API-Logo-20th-themeI can relate to so much to what Candice Garrison of Knoxville, Tennessee, USA, has to say about stumbling upon Attachment Parenting (AP), finding local parent support and discovering Attachment Parenting International (API). Candice now serves as the leader of API of Knoxville. API is grateful to all of our API Leaders working on the “front lines” of the Attachment Parenting movement, providing attachment-minded education and support to families in their local communities.

RITA: Thank you, Candice, for your time. Let’s start by learning how you discovered Attachment Parenting (AP).

Candice GarrisonCANDICE: Prior to having children, I was full of ideas about what kids needed and how I would parent. Once I actually became pregnant, the sheer amount of overwhelming love I felt towards my unborn child radically shifted my entire world. My perspective on parenting and children was altered in a way I could not have foreseen prior to my son’s arrival. I realized that all of my ideas were the result of societal influence and the way that I was parented. Once I had this realization, I knew that I wanted something different for my children. I approached my new shift on parenting with three foundations:

  1. Love
  2. Intuition
  3. Science.

These foundations ultimately led me to Attachment Parenting.

RITA: That sounds a lot like my journey to AP and, like you, giving birth to my first child turned everything upside-down. Have you found any aspects of Attachment Parenting to be challenging?

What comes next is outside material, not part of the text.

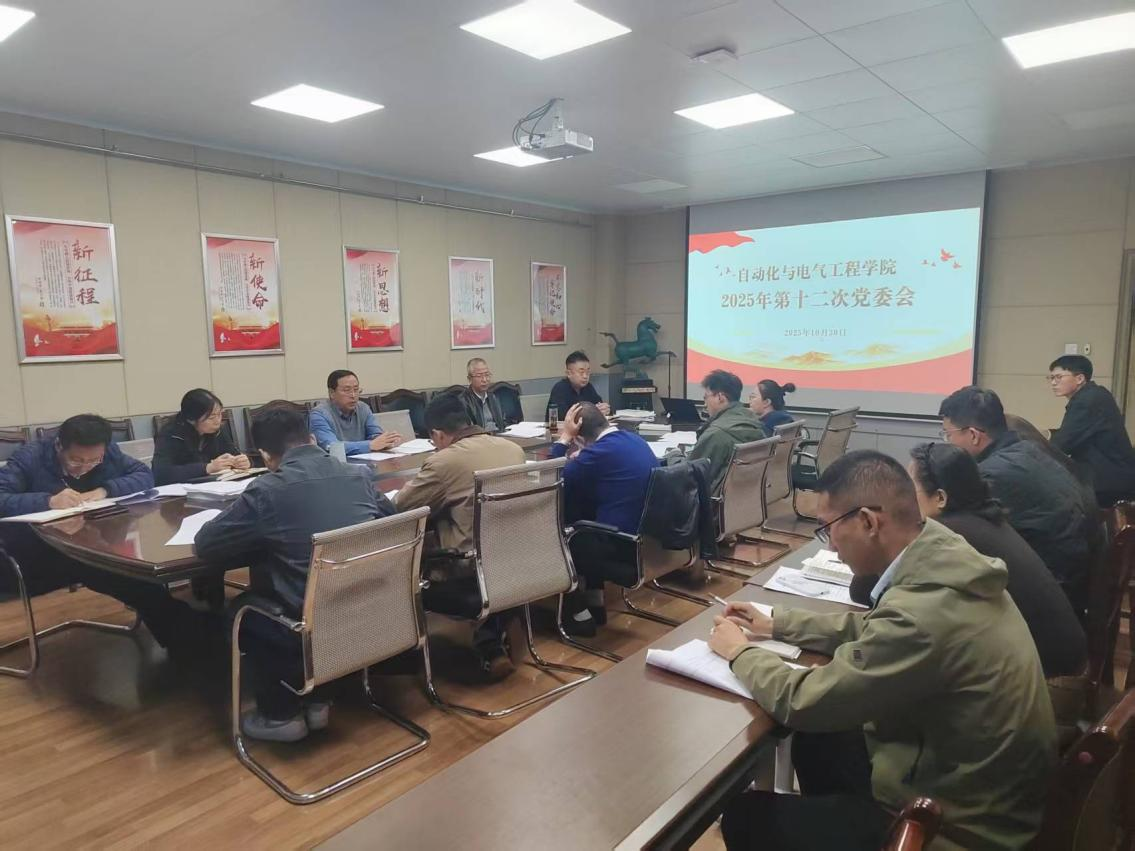 10月30日上午,自动化与电气工程学院在学院706会议室召开2025年第十二次党委会(扩大)会议,部署思想政治与群团工作,推进人才引进与队伍建设。学院党委书记王志荣主持会议,全体党委委员出席,团委书记、学工办主任、研工办主任及全体辅导员列席。

CANDICE: I was not raised in an AP environment, and changing behaviors ingrained since my own infancy has proved, at times, to be quite challenging. The advice that you are given from well-meaning family and friends is often a direct counter to the AP approach. The number of times that I heard I was spoiling my son or was asked when would we wean, what daycare were we choosing, did he sleep through the night yet and so on was immense. During this time, when I shared openly my own research and countered much of what I was told, I found that my choices were often met with a surprising amount of aggression. I found that people took my choices as a personal challenge to their own decisions. This was, and sometimes still is, ultimately the biggest challenge of parenting in a non-mainstream way.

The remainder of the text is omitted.